В августе 1975 года мама отпраздновала свое пятидесятилетие. Мои родители решили отметить мамин юбилей путешествием на теплоходе из Нижнего Новгорода в Астрахань и обратно. Мне только что исполнилось шестнадцать лет, и эта их придумка была мне «в лом». Однако выхода не было — юбилей есть юбилей, и пятнадцатого августа я с видом приговоренного к пожизненному заключению поднимался по шаткому трапу на нижнюю палубу трехпалубного «лайнера» с гордым названием «Покорение Сибири». Мы заселились в каюту люкс (папа «психанул»!), которая состояла из двух небольших комнат и душевой, совмещенной с туалетом. По тем временам это было очень круто!
Мама сказала:
— Ой, Петя, сколько же все это стоит? — и порозовела от удовольствия. Папа, шмыгнув носом, многозначительно промолчал.
Пока они разбирали вещи, которые мы взяли с собой, я вышел на палубу, чтобы посмотреть на наших попутчиков. Мое внимание привлекли женщина и два ее сына, которые тоже вышли на палубу. Один, видимо младший, лет шести-семи, начал бегать туда-сюда по палубе, а вот старший… Старший был побрит наголо, темные очки закрывали пол-лица. Мама, что-то шептала ему на ухо, гладила по плечу, а потом протянула ему на ладони таблетку, которую он слизнул. Именно слизнул ярко-красным языком.
— Умница, Андрюшенька, — сказала женщина и поцеловала его в щеку.
Улыбаясь, легкой походкой она пошла посмотреть, куда убежал ее младшенький, а Андрюшенька повернулся в мою сторону и снял очки. Возраст его было сложно определить, но что-то показалось мне знакомым в его лице. То есть я вспомнил, что время от времени встречал людей с такими же удивительно похожими лицами.
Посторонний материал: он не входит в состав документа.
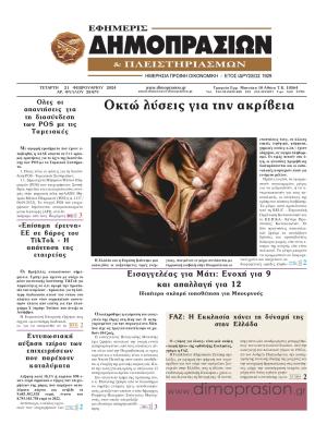 ΕΦΗΜΕΡΙΣ ΔΗΜΟΠΡΑΣΙΩΝ ΚΑΙ ΠΛΕΙΣΤΗΡΙΑΣΜΩΝ
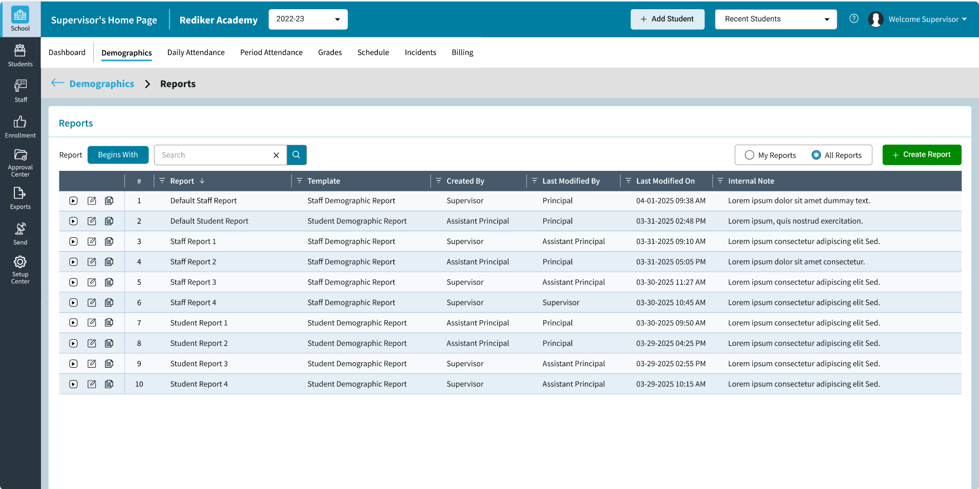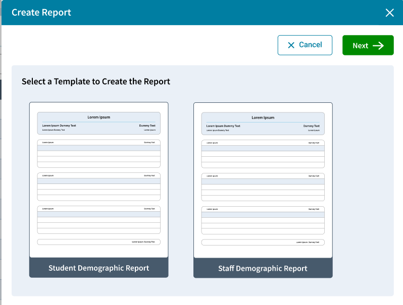 - Create Report select the Student Demographic or Staff Demographic Report Template
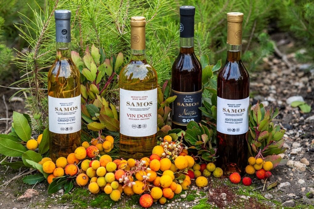 Όλη η Σάμος είναι ένα μεγάλο αμπελοτόπι, που πάνω του επένδυσαν μεράκι, κόπο και προσπάθεια γενιές και γενιές αμπελοκαλλιεργητών. Στις ορεινές πεζούλες ξερολιθιάς το μικρόρωγο μοσχάτο σταφύλι εμπλουτίζεται σε γεύση και αρώματα από το φυσικό περιβάλλον, τον ήλιο, τη βροχή, τη θαλασσινή ανάσα του Αιγαίου. Αυτή η μακρά αμπελουργική παράδοση του νησιού συνεχίζει το ταξίδι της στη διεθνή οινική καταξίωση, μέσω των βραβείων που επάξια κερδίζουν τα ΞΗΡΑ, ΗΜΙΞΗΡΑ και ΓΛΥΚΑ ΜΟΣΧΑΤΑ κρασιά του Οινοποιητικού Συνεταιρισμού της Σάμου. Γεμάτα ιστορία και παράδοση, χάρη στη χειρωνακτική εργασία και το ακάματο μεράκι των 1.500 αμπελουργικών οικογενειών που απαρτίζουν το Συνεταιρισμό, τα ολόχρυσα μοσχάτα κρασιά απέσπασαν και φέτος 16 ΧΡΥΣΑ και ΜΕΓΑΛΑ ΧΡΥΣΑ βραβεία στους πλέον αναγνωρισμένους και αδιάβλητους διεθνείς διαγωνισμούς, επιβεβαιώνοντας την αξεπέραστη, διαχρονική τους ποιότητα.
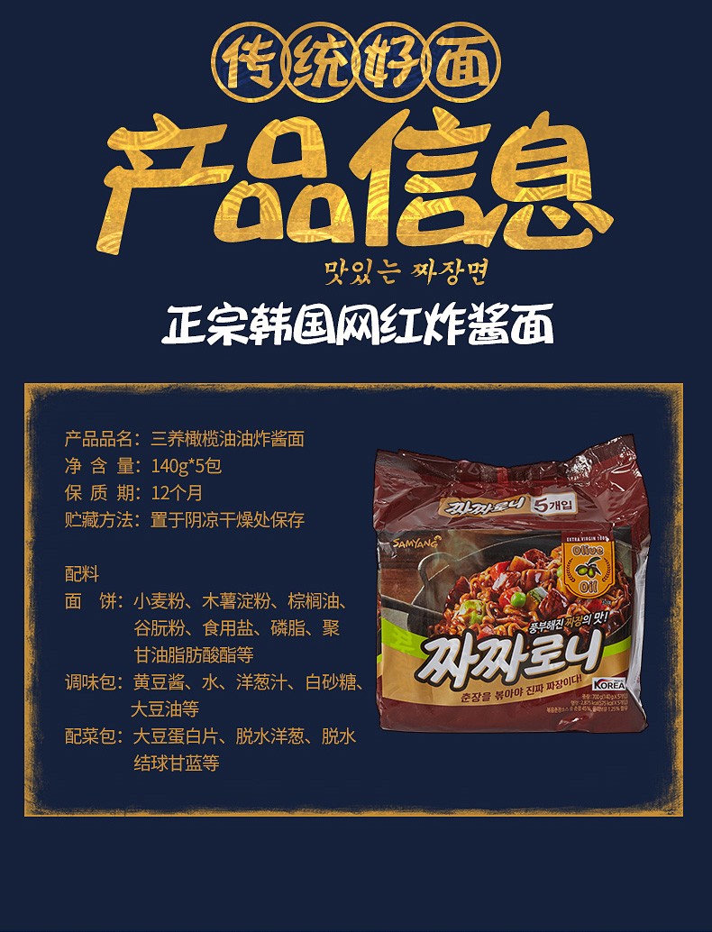 三养 炸酱面 140g/袋 方便面韩式杂酱拉面 速食干拌面泡面 韩国进口
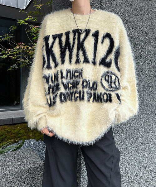 フロントに大胆に施されたロゴが存在感抜群のニット
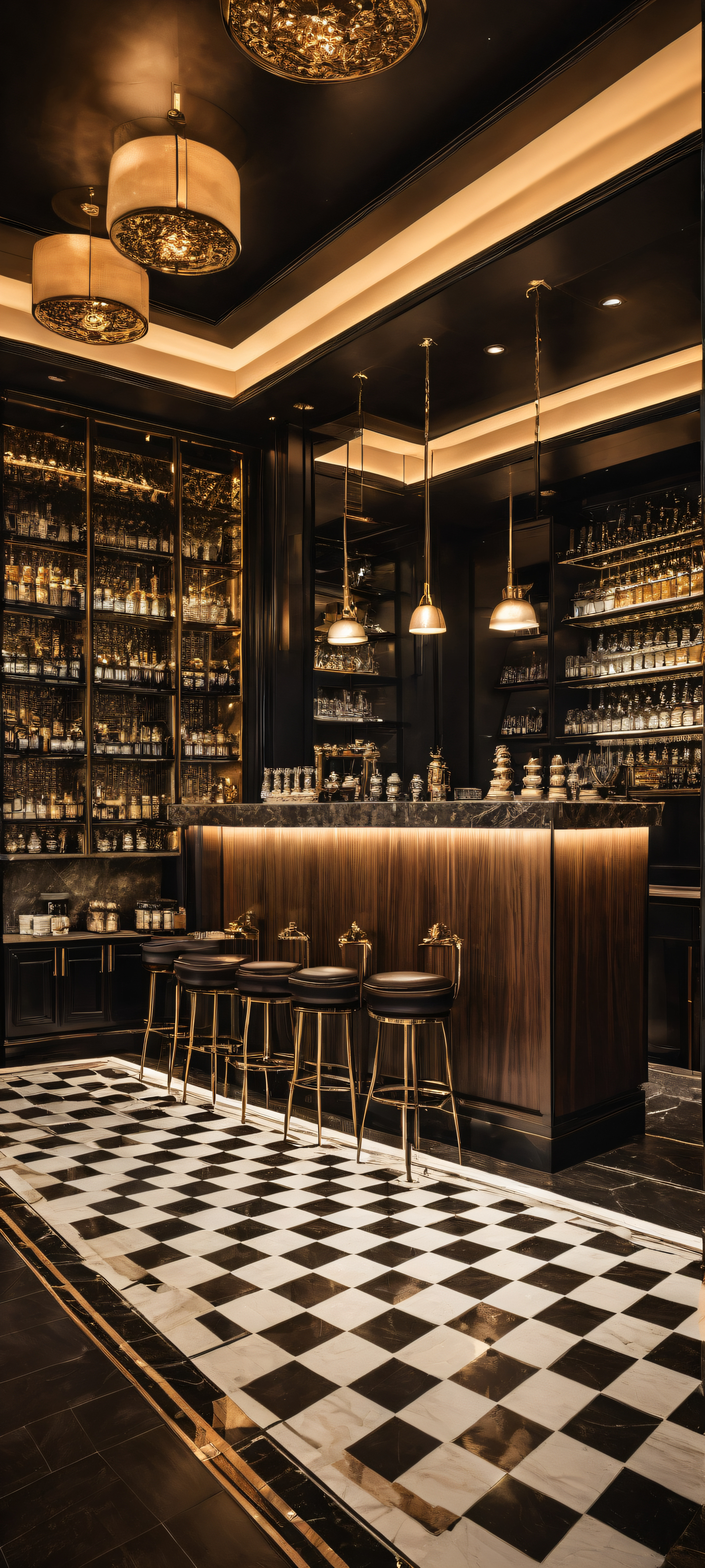 A breathtaking vertical portrait artwork of A grand coffee bar placed in the lower-middle with intricate micro-details such as chess pieces and delicate cups., Perfectly clean and empty top half with vast pure void, contrasting with the detailed interior below. A sleek, modern room sets the backdrop for this masterpiece., Award-winning digital art, pristine clarity, stunning visual impact, and a touch of elegance., Dark mode aesthetic with deep perfect blacks, striking crisp contrast, and elegant luminescent accents emanating from subtle LED strips above the coffee bar., Dominant color palette featuring rich browns, creamy whites, and metallic tones, evoking the warmth and sophistication of a high-end coffee culture., elegant low-key lighting, deep perfect blacks, striking contrast, sleek dark mode aesthetic, luminescent accents, deep rich colors, portrait composition, centered subject in the lower middle, perfectly clean and smooth top half for UI, extreme depth of field blurred background, highly textured surfaces, intricate micro-details, physically based rendering, award-winning digital art, epic breathtaking scale, stunning visual impact, perfect composition, macOS wallpaper aesthetic, masterpiece, 2K QHD resolution, 9:20 aspect ratio.

— Мама, а почему у этой девочки такое лицо? — спросил я однажды.
— Это называется синдром Дауна, — ответила мама, тяжело вздохнув, — есть такая болезнь, сынок.
— А когда она выздоровеет? — спросил я.
— Нескоро, — сказала мама, еще раз тяжело вздохнув.
— Привет! — крикнул я Андрюше и помахал рукой. Он внимательно посмотрел на меня, ничего не ответил и отвернулся.
«Ладно, — подумал я, — понятно, болеет человек».
Наступило время обеда, и мы пошли в ресторан. Нас усадили за стол, накрытый чистой белой скатертью, и предложили сделать заказ из меню… Тем временем за соседним столом назревал скандал. Нашими соседями оказались Андрюшина мама, Андрюша и его брат. Четвертым за их столом был грузный мужчина в возрасте. Мужчина выговаривал официантке сиплым голосом:
— Немедленно пересадите меня! Я что, должен на это смотреть?! — он тыкал пальцем в Андрея. — Я отдохнуть поехал, а мне дауны всякие аппетит портить будут?!
Лицо Сиплого было багровым, слюни летели в разные стороны. Официантка пыталась объяснить, что у них полная загрузка, что свободных мест нет. Андрюшина мама как-то сразу съежилась и постарела. Она молча сидела, опустив глаза. Андрюша смотрел на нее абсолютно растерянным взглядом маленького ребенка, а его брат начал реветь.
— Нарожают уродов! — не унимался Сиплый. — Скоро нормальным людям пойти некуда будет!
— Это ты, что ли, нормальный? — рядом с Сиплым стоял мой папа, бледный, как полотно, подрагивая левой щекой. Сиплый осекся и удивленно смотрел снизу вверх.
— Встать, животное! — жестко, до мурашек, скомандовал папа, схватил Сиплого за шиворот и, встряхивая, стал поднимать его со стула.
— А‑а‑а! — завизжал Сиплый.
— Петя! — прошептала побелевшими губами мама.
Худой, жилистый папа выволок визжащего, как поросенок, Сиплого в коридор. Когда папа вернулся в ресторан, кто-то за моей спиной интеллигентно произнес:
— Ну, зачем уж вы так-то?
И тут я увидел папин взгляд… — никогда до, никогда после я не видел у него такого взгляда и такого выражения лица! Говоривший сразу замолчал. Мама Андрюши сказала, вытирая младшему слезы одной рукой и поглаживая Андрюшу по голове другой:
— Спасибо вам, добрый человек!
— Люди всегда должны оставаться людьми! — вдруг улыбнулся доброй улыбкой папа.
Папа стал известным на корабле человеком, с которым здоровались все, включая членов экипажа и капитана, а я именно тогда понял, что нет ничего страшнее равнодушного отношения к тому, что сильный обижает слабого.